# Delta 12.5" planer 22-560 wont crank up and down.



## jbander1 (May 7, 2018)

That's the question, does anyone have a suggestion about this, I've looked through the schematic for this and can't figure out where the elevating screw engages with, to make it go up and down. I've looked at others and they are generally nuts but not the 22-560. Thank you


----------



## Steve Neul (Sep 2, 2011)

The elevating screws are threaded rods that goes through the planer from the top. The handle is attached to one of them. The head is threaded for the rods to raise or lower. I think if the threads are stripped on the head the planer would make a good boat anchor. The planer has been discontinued and only a few parts are still available. 

I don't know how much longer mine is going to last. I have no plans to attempt to repair mine. When it dies maybe I can arrange to ship it to you for parts. Keep in touch.


----------



## jbander1 (May 7, 2018)

Steve Neul said:


> The elevating screws are threaded rods that goes through the planer from the top. The handle is attached to one of them. The head is threaded for the rods to raise or lower. I think if the threads are stripped on the head the planer would make a good boat anchor. The planer has been discontinued and only a few parts are still available.
> 
> I don't know how much longer mine is going to last. I have no plans to attempt to repair mine. When it dies maybe I can arrange to ship it to you for parts. Keep in touch.

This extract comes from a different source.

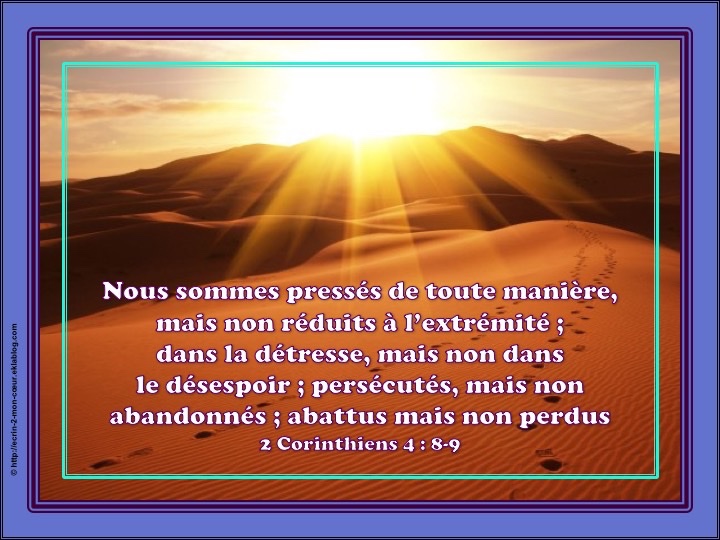 nous sommes pourchassés, mais non pas abandonnés ; terrassés, mais non pas anéantis.
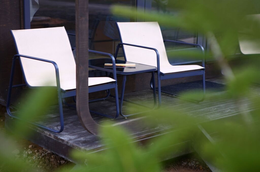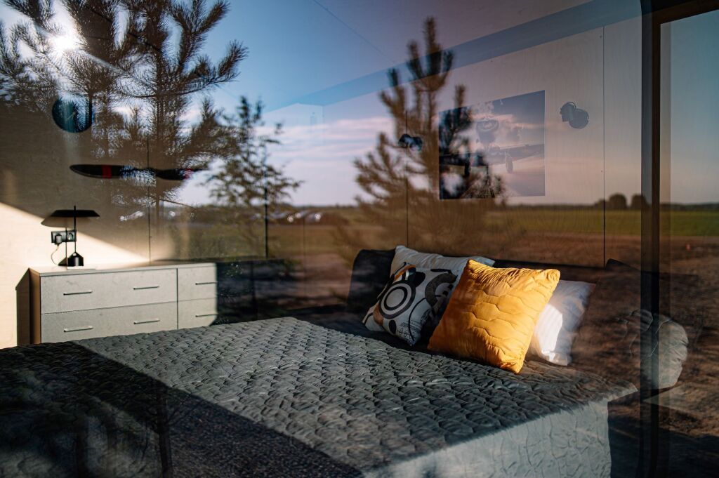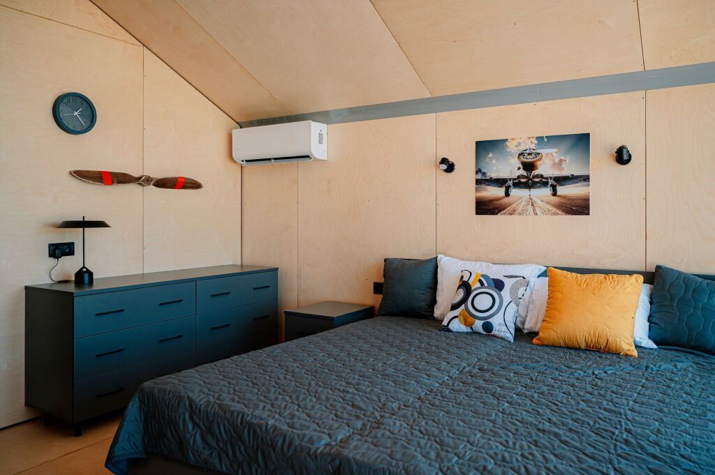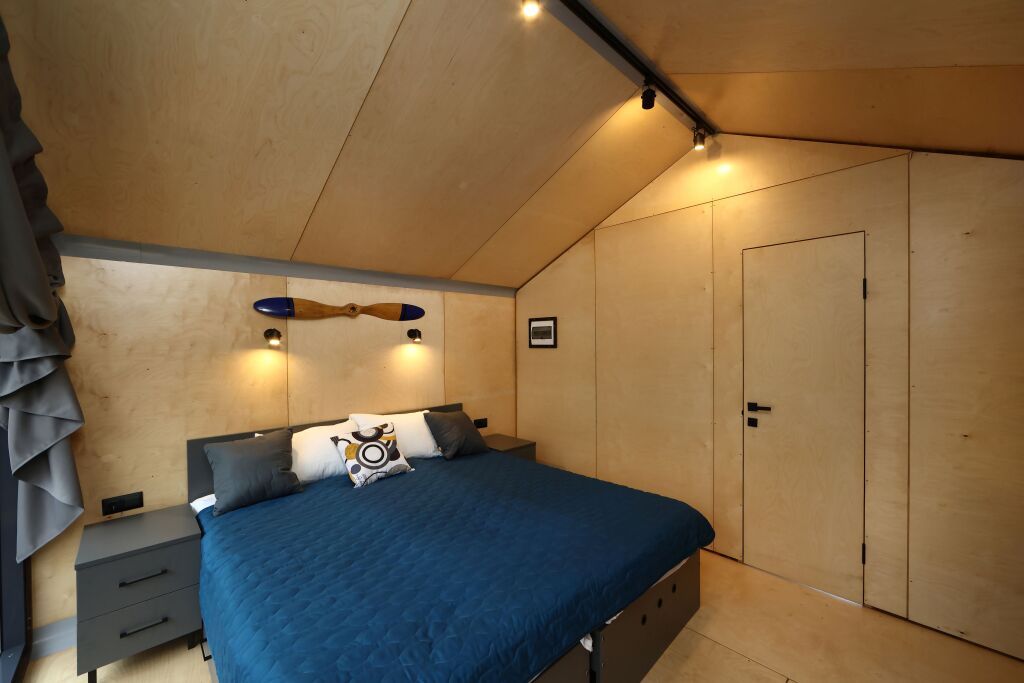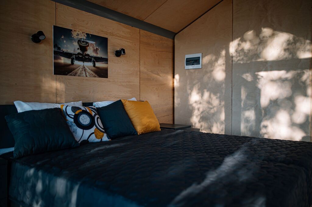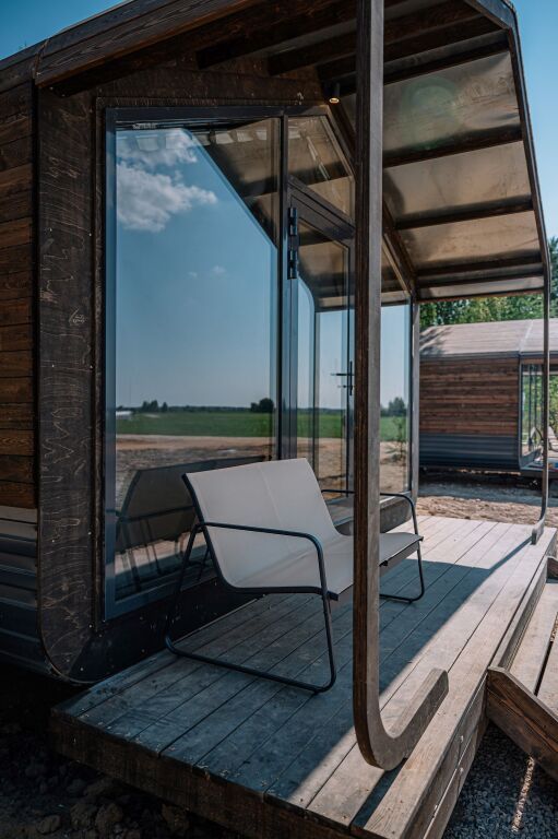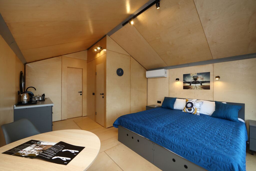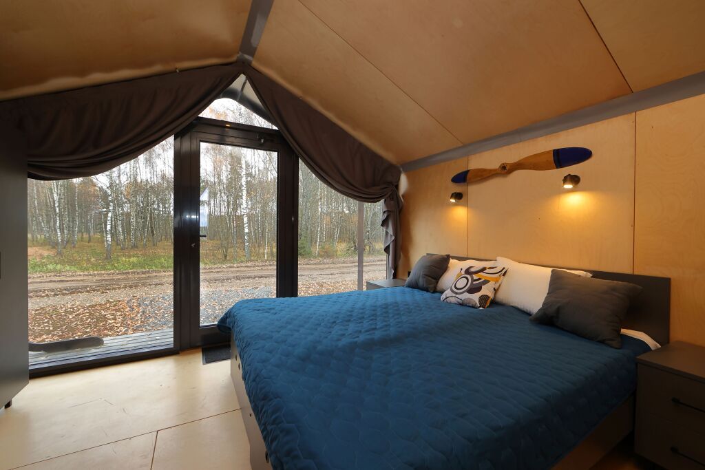 Уютный 2-местный домик (двуспальная кровать) с панорамными окнами на аэродром, на лес и крытой верандой.

It looks like we have to team up. So is the threads are inbedded inbeaded in the top housing then.


----------



## jbander1 (May 7, 2018)

Well anyone else have a more promising possibility?


----------



## Steve Neul (Sep 2, 2011)

jbander1 said:


> It looks like we have to team up. So is the threads are inbedded inbeaded in the top housing then.


Without totally disassembling the planer it's difficult to say for certain if there is a replaceable part but it doesn't show on on the parts diagram. I think the head itself is threaded. 

When you crank the handle does both the threaded rods turn?


----------



## jbander1 (May 7, 2018)

Yes both Threaded rods turn ,It must be embedded in the top housing, do you think there is one on each side, I'd guess that's the case, since they are both threaded but you never know. I'm hoping someone can come up with something that doesn't include a complete breakdown
So any ideas are welcome.


----------



## Steve Neul (Sep 2, 2011)

It sounds like threads are stripped. The only way to really know is to dismantle the planer and remove the head and look. I don't know what you could do about it if it is stripped. It would cost more than the planer is worth to have a machinist put threaded inserts in the head.


----------



## gmercer_48083 (Apr 9, 2016)

Steve Neul said:


> The elevating screws are threaded rods that goes through the planer from the top. The handle is attached to one of them. The head is threaded for the rods to raise or lower. I think if the threads are stripped on the head the planer would make a good boat anchor. The planer has been discontinued and only a few parts are still available.
> 
> I don't know how much longer mine is going to last. I have no plans to attempt to repair mine. When it dies maybe I can arrange to ship it to you for parts. Keep in touch.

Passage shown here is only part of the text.